Green Party co-leader Chlöe Swarbrick told to leave House again after refusing to apologise for her remarks inferring that Government MPs lacked spine. Video / Parliament TV
A defiant Chlöe Swarbrick has been booted from the House for a second time this week after refusing to apologise for remarks made during a fiery debate on Palestine on Tuesday.
NZ First Winston Peters has defended Swarbrick, saying her remarks inferring Government MPs lacked a spine were notoffensive enough to be kicked out of the House.
“If you can have John Key say “get some guts”, or accept the c-word, which was outrageous, then how could she be offensive in that context?

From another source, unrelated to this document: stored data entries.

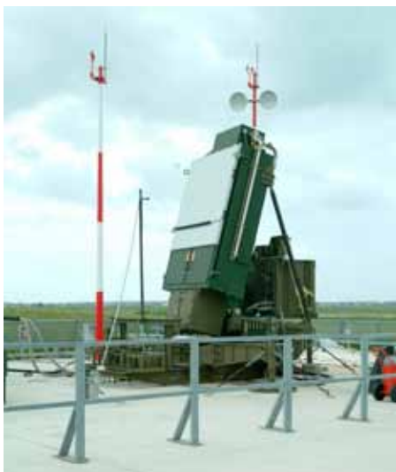
Luftforsvars system fra våben-giganten Lockheed Martin

skjoldstruktur. USS Lake Erie, en led-sager-missilkrydser af Aegis typen, nedskød en amerikansk satellit i rummet i februar 2008 med et SM-3 missil, hvad nogle i Rusland betragter som den indledende salve for de amerikanske rumkrigsplaner.
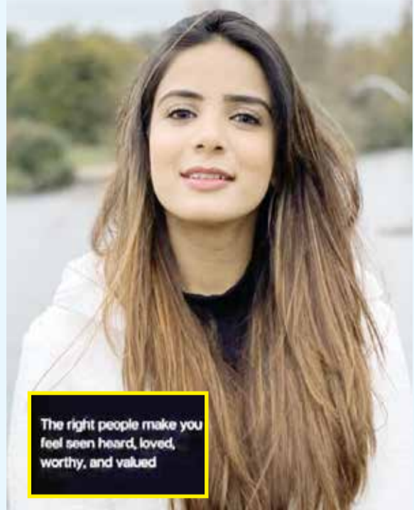
The right people make you feel seen, heard, loved, worthy, and valued

રૂમ્સ ગલફેન્ડે કર્યો અનફોલો, 'ઇન્ડિયાઝ ગોટ લેટેસ્ટ'ને કારણે રિલેશનશીપ તૂટ્યાં...?
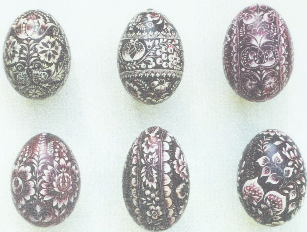
Gekratzte Ostereier aus Südmähren (Umgebung von Břeclav), 60er Jahre des 20. Jahrhunderts; Sammlung des Ethnographischen Instituts des Mährischen Landesmuseums Brunn (Tschechische Republik)
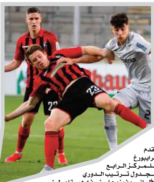
تقدم فرايبورغ للمركز الرابع بجدول ترتيب الدوري
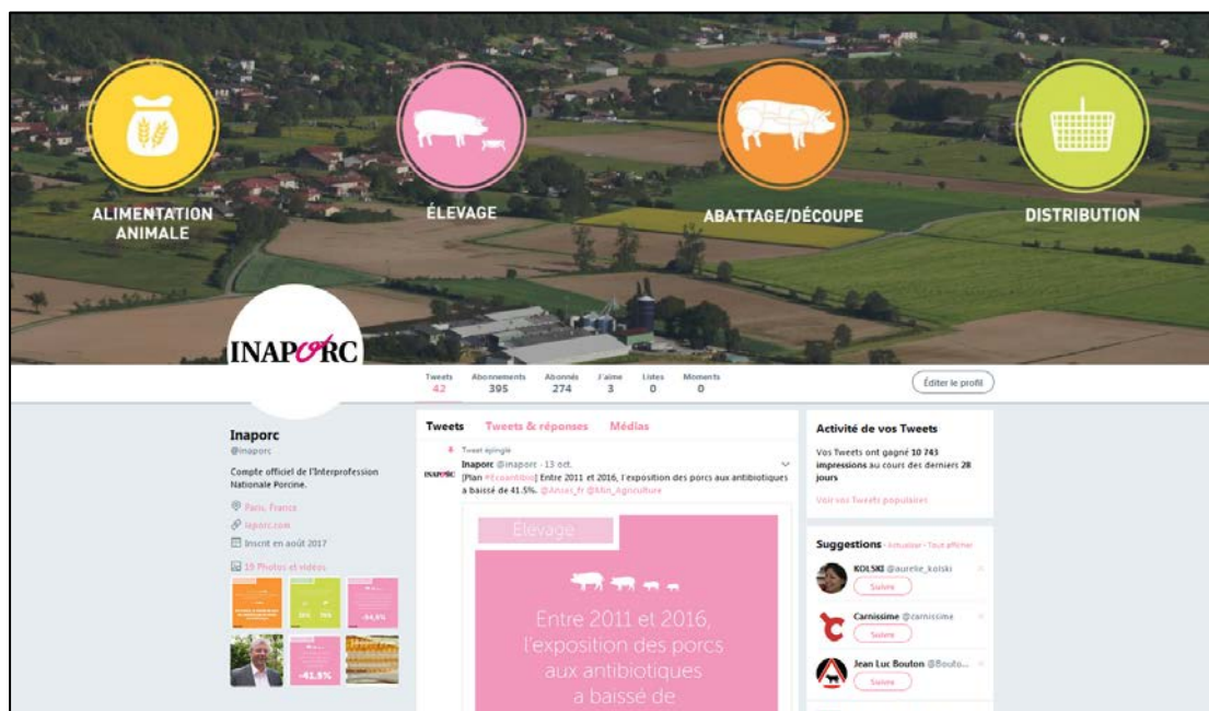
Fil Twitter @Inaporc

“This is a robust theatre for debate, people have serious emotional concerns about what they believe in, to take away the essence of that emotional concern of what they are talking about, is to neuter the place.”
Swarbrick was urging Government MPs to support her bill sanctioning Israel, saying: “If we find six of 68 Government MPs with a spine, we can stand on the right side of history”.
Speaker Gerry Brownlee told her to apologise. When she refused, she was kicked out of the House and barred for a week.
When Swarbrick returned to the House today, a similar scenario played out.
Brownlee again asked her to apologise and kicked her out when she refused. He also “named” her, among the harshest penalties a Speaker can dish out on the spot and results in her pay being docked.
As she left the House, she said: “Free Palestine”.
After Swarbrick left the chamber, other MPs questioned the Speaker’s decision to name Swarbrick.
Labour MP Willie Jackson said he had been kicked out but not barred from the House for twice calling David Seymour a liar. He noted this incident, in which Swarbrick has been very seriously disciplined, did not sit well with that precedent.
Te Pāti Māori co-leader Debbie Ngarewa-Packer referred to Act MP Brooke Van Velden’s use of the word c**t in the House without punishment.
Labour leader Chris Hipkins said a Speaker’s Ruling from Jonathan Hunt was that when the MP leaves the chamber on the day the original incident occurred, the matter was considered over.
But Brownlee said a new ruling, from 2017, superseded that.
Labour leader Chris Hipkins said the matter should have been considered over when Chlöe Swarbrick left the house on Tuesday.
Photo / Mark Mitchell
Speaking to reporters outside the debating chamber, the Greens co-leader said the punishment was unprecedented and the Speaker was not treating her party fairly.
MPs had said far more egregious things in the House before without facing such a tough punishment, she said.
“As far as I am aware, there is no situation in which a Speaker has asked for somebody to withdraw and apologise, that person has refused to apologise, then been ordered to leave the house ... and the person has complied.”